Note: This is an R port of the official tutorial available here. All credits goes to Justin Johnson.

As an example of dynamic graphs and weight sharing, we implement a very strange model: a fully-connected ReLU network that on each forward pass chooses a random number between 1 and 4 and uses that many hidden layers, reusing the same weights multiple times to compute the innermost hidden layers.

For this model we can use normal R flow control to implement the loop, and we can implement weight sharing among the innermost layers by simply reusing the same Module multiple times when defining the forward pass.

We can easily implement this model using nn_module:

dynamic_net <- nn_module(
   "dynamic_net",
   # In the constructor we construct three nn_linear instances that we will use
   # in the forward pass.
   initialize = function(D_in, H, D_out) {
      self$input_linear <- nn_linear(D_in, H)
      self$middle_linear <- nn_linear(H, H)
      self$output_linear <- nn_linear(H, D_out)
   },
   # For the forward pass of the model, we randomly choose either 0, 1, 2, or 3
   # and reuse the middle_linear Module that many times to compute hidden layer
   # representations.
   # 
   # Since each forward pass builds a dynamic computation graph, we can use normal
   # R control-flow operators like loops or conditional statements when
   # defining the forward pass of the model.
   # 
   # Here we also see that it is perfectly safe to reuse the same Module many
   # times when defining a computational graph. This is a big improvement from Lua
   # Torch, where each Module could be used only once.
   forward = function(x) {
      h_relu <- self$input_linear(x)$clamp(min = 0)
      for (i in seq_len(sample.int(4, size = 1))) {
         h_relu <- self$middle_linear(h_relu)$clamp(min=0)
      }
      y_pred <- self$output_linear(h_relu)
      y_pred
   }
)


if (cuda_is_available()) {
   device <- torch_device("cuda")
} else {
   device <- torch_device("cpu")
}
   
# N is batch size; D_in is input dimension;
# H is hidden dimension; D_out is output dimension.
N <- 64
D_in <- 1000
H <- 100
D_out <- 10

# Create random input and output data
# Setting requires_grad=FALSE (the default) indicates that we do not need to 
# compute gradients with respect to these Tensors during the backward pass.
x <- torch_randn(N, D_in, device=device)
y <- torch_randn(N, D_out, device=device)

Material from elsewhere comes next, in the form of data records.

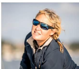
Pip Hare

The Safetics® project immediately caught the attention of 40 year old world renowned French solo sailor Armel le Cléac'h, Banque Populaire Skipper, who has been acting as Safetics® goodwill ambassador since 2013. In 2016 he broke the record for the Vendée Globe completing it in 74 days: "Whether you're an experienced skipper or just a beginner, on a powerboat or sailboat, Safetics® will improve your safety onboard" comments Armel.
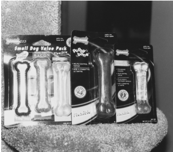
Nylabone makes excellent chew bones in many shapes, sizes and flavors.
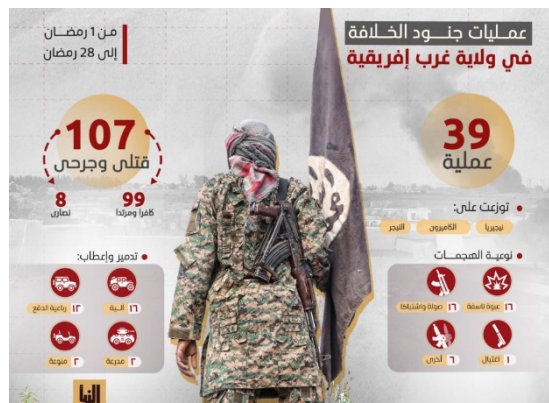
Summary of the activity of ISIS's West Africa Province during Ramadan (Al-Naba, Telegram, April 20, 2023)

destroyed or put out of commission 16 vehicles, 12 off-road vehicles, two armored vehicles, and two other vehicles (Al-Naba, Telegram, April 20, 2023).
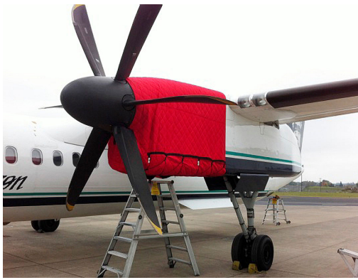
Dash 8-Q400 Insulated Engine Cover
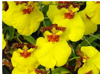
Onc. Palmyra 'Golden Girl', AM/AOS
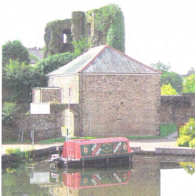
'Thomas Dadford' on a quiet September morning.
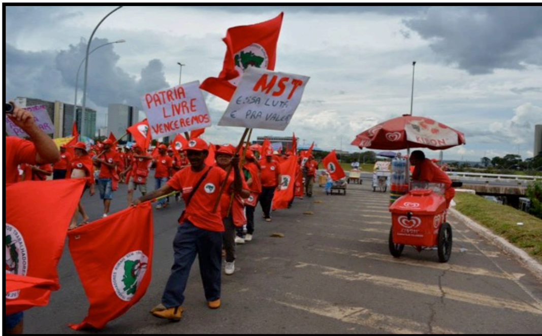
2/2014. The marchers remained joyful and enthused, while street vendors followed the procession. Brasília.

As we walked, we were urged to maintain the formation by MST-security guards. “ Fica na fila! Fecha burraco! Keep to the line! Close the hole!” They implored us not to break ranks for any reason. Beyond the aesthetic importance of disciplined marching, at the most practical level our corporeal formation prevented breaches by angry drivers. This was difficult to achieve in a way, “like herding cats,” as one North American solidarity activist put it. Failure to comply sometimes engendered harsh words by leaders and exhortations to get back in line. Meanwhile, the loudspeakers reminded us that we were “not there for tourism, but to work.”
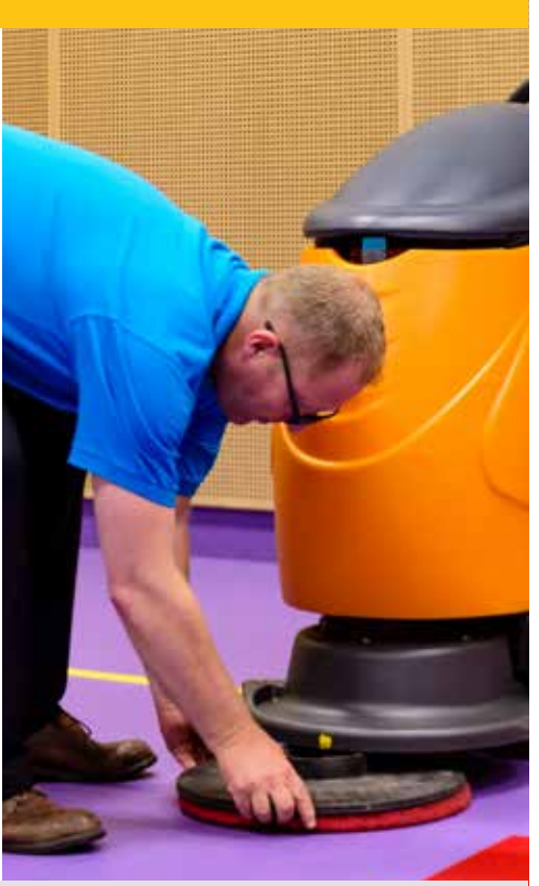
Attach the red pad underneath the scrubbing/suction machine.
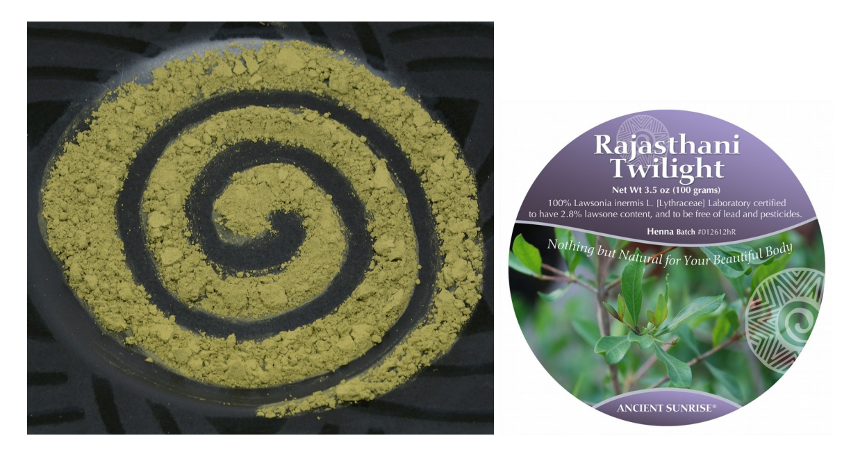
Ancient Sunrise® Henna Powder

Henna powder smells a bit like a bale of hay. The earthy henna scent lingers in hair and on skin. People perceive the scent differently; some people love it, and some dislike it. If you dislike the scent of henna, mix ginger powder into the henna paste to reduce the odor. Cardamom powder can also mask the odor of henna. In any case, the henna scent will go away after a few shampoos.
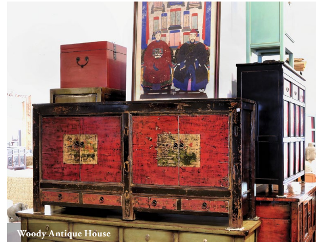
Woody Antique House

WHERE Blk 13 Dempsey Road, #01-05, S(249674) CONTACT 6471 1770
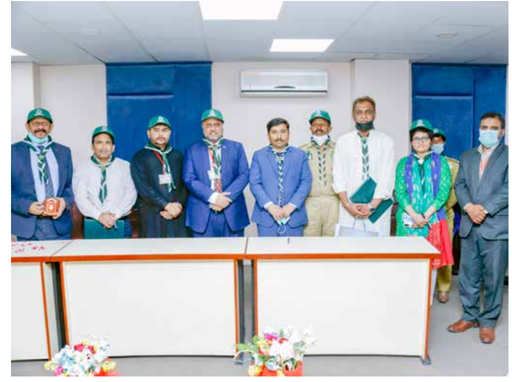
Glimpses of MoU signing ceremony between IUB and Pakistan Boys Scouts Association
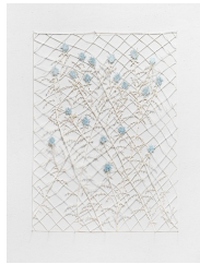
Annabel Daou Kick against the pricks #31, 2025 Gesso, watercolor pencil, ink and repair tape on microfiber paper 30 x 22 in (76.2 x 55.9 cm) DAOan-002
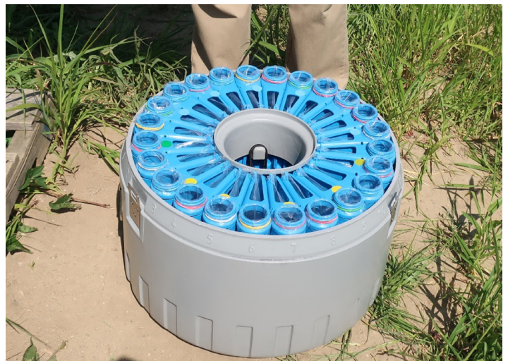
Figure 1- An automated sampler can perform flow-proportional or time-proportional sampling.

For estimating the annual P load, you can use flow-proportional compositing for both drainage discharge and surface runoff. This strategy needs an automated sampler and a flow rate sensor to trigger the sampling (Figure 1). In this method, the sampler takes an aliquot when a certain flow depth has occurred. Flow depth is flow volume divided by drained area (defined as flow depth interval). Then, the sampler pumps the aliquot into a bottle. The decision of the aliquot number depends on the volume of the aliquot, capacity of the bottle, and project budget.
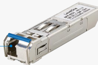
LC Simplex Connector

The SFP-9221 transmits using a wavelength of 1310nm and receives using a wavelength of 1550nm. When coupled with the LevelOne SFP-9231 transceiver which transmits at and receives at the opposite rates (1550nm RX and 1310nm RX) you get bi-direction data communication on a single fiber core.
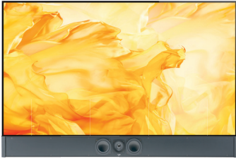
Décor 1C Center
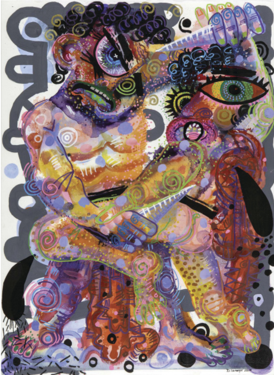
Diane Levesque The Grapplers , 2019 Watercolor and acrylic

RAM's Wustum Museum of Fine Arts 2519 Northwestern Avenue Racine, WI 53404 262.636.9177 ramart.org
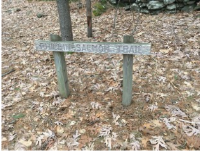
① Philbin Salmon Trailhead
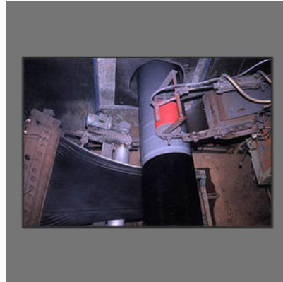
Fusion Bonded Epoxy - Pipe Coatings From PSL
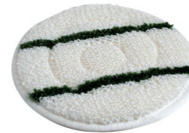
Queen Bonnet-Pad - Item no. 202.034

The Queen Bonnet pad for the best cleaning results on carpets and carpeted floors.
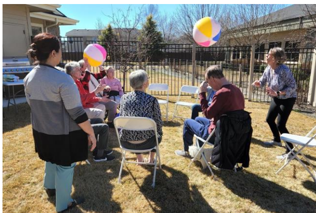
The residents at Lochsa Falls enjoy the sun and a little exercise
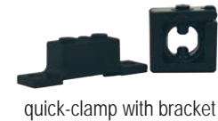
quick-clamp with bracket
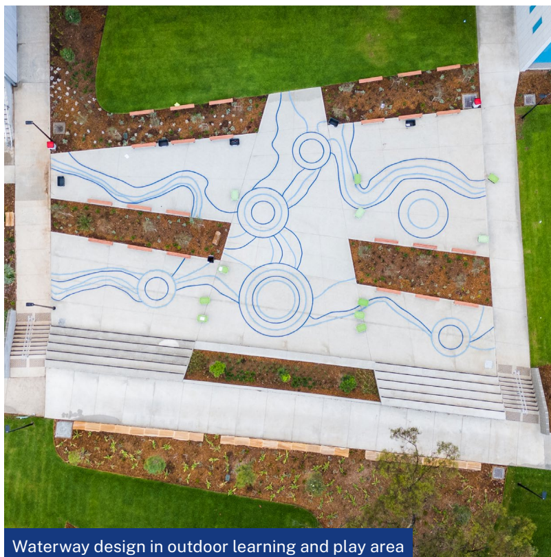
Waterway design in outdoor learning and play area
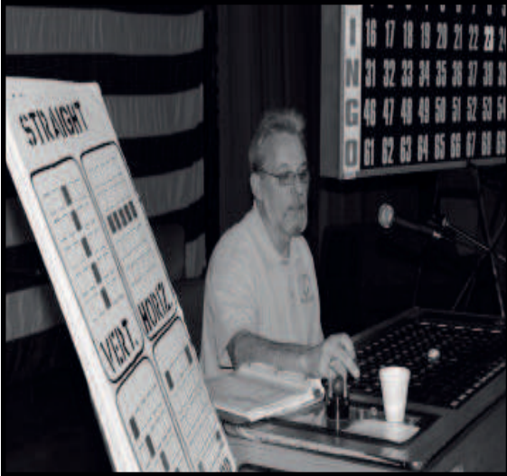
Seventh Masonic District Association Seventh Masonic District Veterans' Bingo Event

These pictures are from the photo achieve.
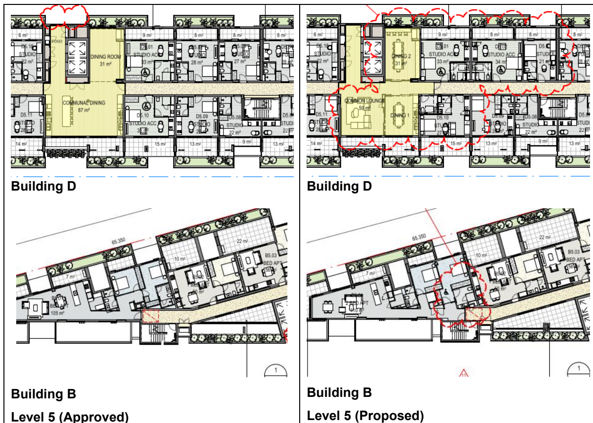
Figure 4 – Comparison drawings Level 5.
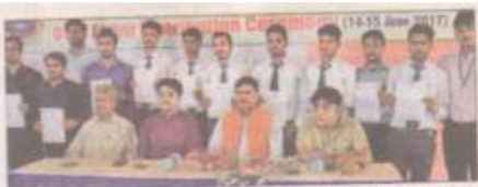
कैम्पस प्रेसमेंट के कार विद्यापीठ के साथ युवा जगत माइक्रोटेक कॉलेज के छात्र।
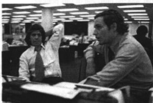
Washington Post reporters Carl Bernstein (left) and Bob Woodward won a Pulitzer Prize in 1973 for their coverage of Watergate.

The most sensational revelation came in July 1973, when a former White House aide revealed that Nixon had a secret taping system in the Oval Office and had been recording his conversations and
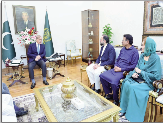
ISLAMABAD: A delegation of MNAs from PML-Q led by Federal Minister for Overseas Pakistanis and Human Resources Development Chaudhry Salik Hussain called on Prime Minister Muhammad Shehbaz Sharif.

They also lauded the prime minister's exemplary leadership during the recent tensions with India and his efforts to elevate the country's prestige at the global stage. Matters related to the respective constituencies were also discussed during the meeting.
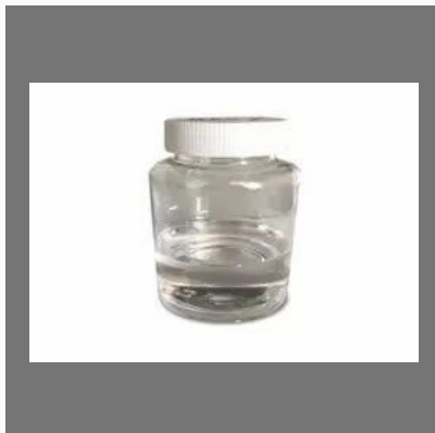
Fatty Alcohols Liquid
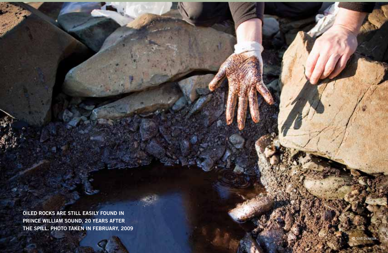
OILED ROCKS ARE STILL EASILY FOUND IN PRINCE WILLIAM SOUND, 20 YEARS AFTER THE SPILL. PHOTO TAKEN IN FEBRUARY, 2009
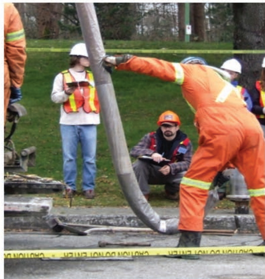
A SAMPLE BEING EXTRUDED INTO PLASTIC CORE BAG
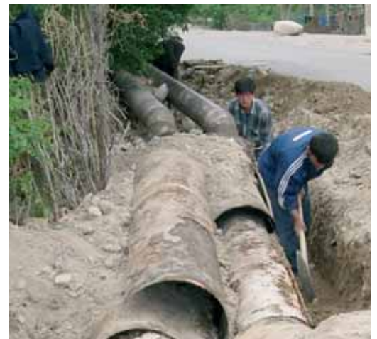
Modification of distribution network in Khujand

In dry regions such as Niger it was possible to increase water availability with some simple measures. In Téra (Niger) weirs were built in the riverbed causing the groundwater level in
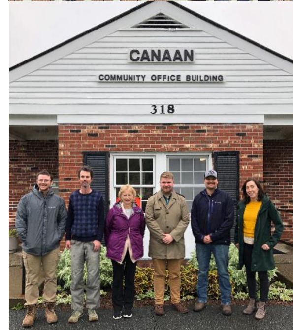
Photos: Top-Reading Energy Board Energy Fair funded by mini grant. Bottom-Canaan Town Office Assessment

# Construct our model by instantiating the class defined above
model <- dynamic_net(D_in, H, D_out)

# The nn package also contains definitions of popular loss functions; in this
# case we will use Mean Squared Error (MSE) as our loss function.
loss_fn <- nnf_mse_loss

# Use the optim package to define an Optimizer that will update the weights of
# the model for us. Here we will use Adam; the optim package contains many other
# optimization algorithms. The first argument to the Adam constructor tells the
# optimizer which Tensors it should update.
learning_rate <- 1e-4
optimizer <- optim_sgd(model$parameters, lr=learning_rate, momentum = 0.9)

for (t in seq_len(500)) {
   # Forward pass: compute predicted y by passing x to the model. Module objects
   # can be called like functions. When doing so you pass a Tensor of input
   # data to the Module and it produces a Tensor of output data.
   y_pred <- model(x)
   
   # Compute and print loss. We pass Tensors containing the predicted and true
   # values of y, and the loss function returns a Tensor containing the
   # loss.
   loss <- loss_fn(y_pred, y)
   if (t %% 100 == 0 || t == 1)
      cat("Step:", t, ":", as.numeric(loss), "\n")
   
   # Before the backward pass, use the optimizer object to zero all of the
   # gradients for the variables it will update (which are the learnable
   # weights of the model). This is because by default, gradients are
   # accumulated in buffers( i.e, not overwritten) whenever $backward()
   # is called. Checkout docs of `autograd_backward` for more details.
   optimizer$zero_grad()

   # Backward pass: compute gradient of the loss with respect to model
   # parameters
   loss$backward()

   # Calling the step function on an Optimizer makes an update to its
   # parameters
   optimizer$step()
}
#> Step: 1 : 0.984449 
#> Step: 100 : 0.9808377 
#> Step: 200 : 0.9813455 
#> Step: 300 : 0.9803184 
#> Step: 400 : 0.9797473 
#> Step: 500 : 0.9786749